= DATA SHOWN =
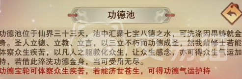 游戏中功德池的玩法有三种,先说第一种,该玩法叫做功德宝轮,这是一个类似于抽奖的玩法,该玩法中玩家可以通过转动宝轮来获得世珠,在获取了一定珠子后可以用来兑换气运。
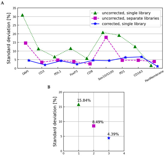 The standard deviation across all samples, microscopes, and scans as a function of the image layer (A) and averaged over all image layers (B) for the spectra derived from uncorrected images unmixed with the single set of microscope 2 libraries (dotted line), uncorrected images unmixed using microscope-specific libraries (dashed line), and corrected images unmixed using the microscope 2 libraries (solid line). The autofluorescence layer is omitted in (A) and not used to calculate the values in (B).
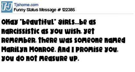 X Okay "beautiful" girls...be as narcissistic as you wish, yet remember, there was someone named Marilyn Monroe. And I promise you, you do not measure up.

* * *

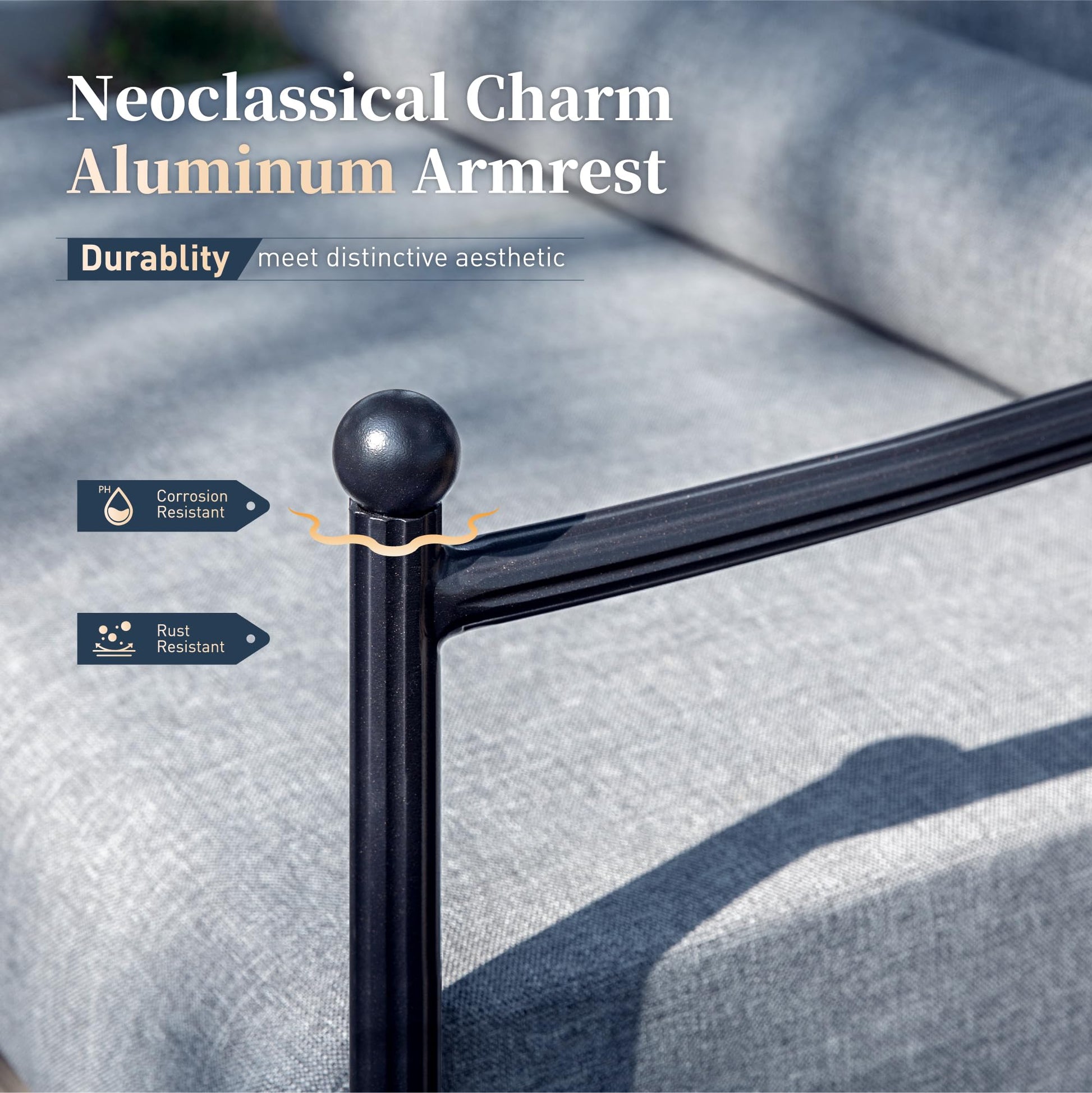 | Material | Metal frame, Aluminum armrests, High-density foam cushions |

= EXERCISE DESCRIPTION =
From the line holding "游戏中功德池的玩法有三种,先" to the line holding "not measure up.", both included, retype the entries above exactly and drop the pictures.

= ANSWER SPACE =
 游戏中功德池的玩法有三种,先说第一种,该玩法叫做功德宝轮,这是一个类似于抽奖的玩法,该玩法中玩家可以通过转动宝轮来获得世珠,在获取了一定珠子后可以用来兑换气运。
 The standard deviation across all samples, microscopes, and scans as a function of the image layer (A) and averaged over all image layers (B) for the spectra derived from uncorrected images unmixed with the single set of microscope 2 libraries (dotted line), uncorrected images unmixed using microscope-specific libraries (dashed line), and corrected images unmixed using the microscope 2 libraries (solid line). The autofluorescence layer is omitted in (A) and not used to calculate the values in (B).
 X Okay "beautiful" girls...be as narcissistic as you wish, yet remember, there was someone named Marilyn Monroe. And I promise you, you do not measure up.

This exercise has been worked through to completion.